23 May 2006

You say tomato

by Matt Rubinstein at 1:29 pm

puff.jpgContinuing our analysis of dopey advertisements for things that might kill us, we turn to the recent launch of two 60-second spots by the Competitive Enterprise Institute encouraging us to relax about global warming because carbon dioxide is, among other things, “natural”. Here is a transcript of the first one (italics very much implicit):

There’s something in these pictures you can’t see.
It’s essential for life.
We breathe it out. Plants breathe it in.
It comes from animal life, the ocean, the earth and the fuels we find in it.
It’s called carbon dioxide: CO2.
The fuels that produce CO2 have freed us from a world of back-breaking labour, lighting up our lives, allowing us to create and move the things we need—the people we love.
Now some politicians want to label carbon dioxide a pollutant.
Imagine if they succeed: what would our lives be like then?
Carbon dioxide. They call it pollution. We call it life.

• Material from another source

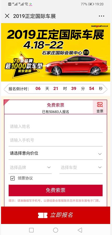 關注“正定國際車展”微信公眾號,點擊“免費索票”選擇“票證查詢”,輸入相關信息,即可查票。
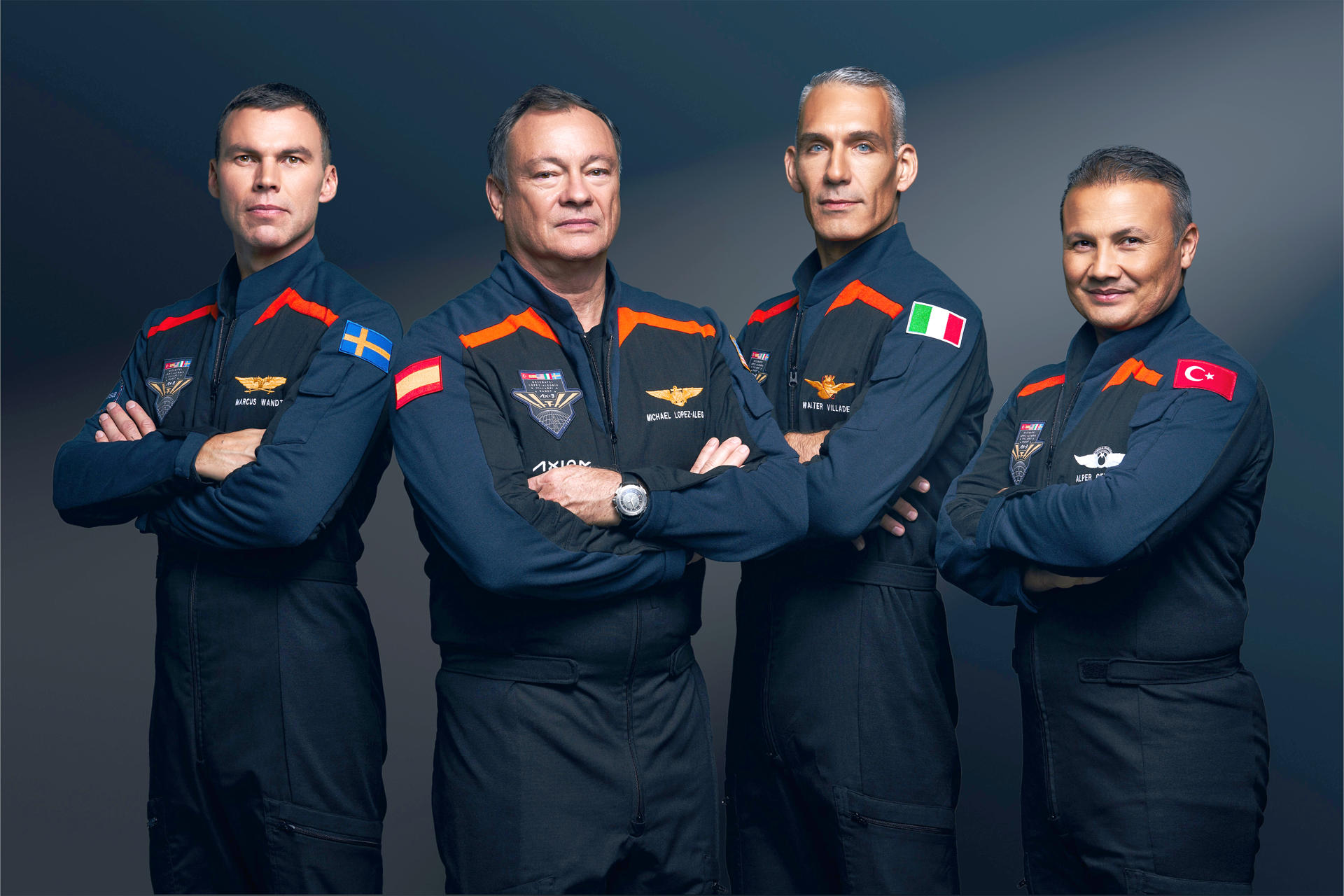 Viajarán con Alegría, el piloto italiano Walter Villadei y dos especialistas de misión: el turco Alper Gezeravci -el primer nacional de ese país que vuele al espacio- y el sueco Marcus Wandt.

The authoritative Urban Legend Reference Pages give no indication that these advertisements are any kind of hoax or hi-jink. CEI is a real institute with annual revenues of about $3 million; it describes itself as “a non-profit public policy organization dedicated to advancing the principles of free enterprise and limited government”. The ads were produced by Next Generation Advertising, who somewhat ominously claim to be “pioneers in non-traditional advertising” and earlier this year ran a controversial campaign pimping the Uniting and Strengthening America by Providing Appropriate Tools Required to Intercept and Obstruct Terrorism Act to viewers already half-terrorised by the explosive new season of 24. But the CO2 campaign was reportedly scripted by CEI’s lawyer Sam Kazman, who should know better.

The idea that everything that comes out of us must be good is, of course, very easily rebutted. We don’t need to resort to low-brow comparisons with other by-products of human life; we can consult Shakespeare on this very issue. He says:

And in some perfumes is there more delight
Than in the breath that from my mistress reeks.

This is just the kind of attitude adopted by the global-warming scaremongers who want to stop little girls blowing on dandelions—who might point out that CO2 is an asphyxiant, too much of which is always bad news. Even the ad’s image of a geyser spraying “natural” carbon dioxide very unfortunately recalls the sudden eruptions of CO2 from Lakes Monoun and Nyos in Cameroon that killed almost 2000 people in the 1980s. Of course, the big problem for us isn’t breathing in carbon dioxide; it’s global warming—which isn’t caused by the gases we personally exhale but by the ones we release by burning stuff to create the people we love (I’m not exactly sure how this works). Though only if you listen to scientists.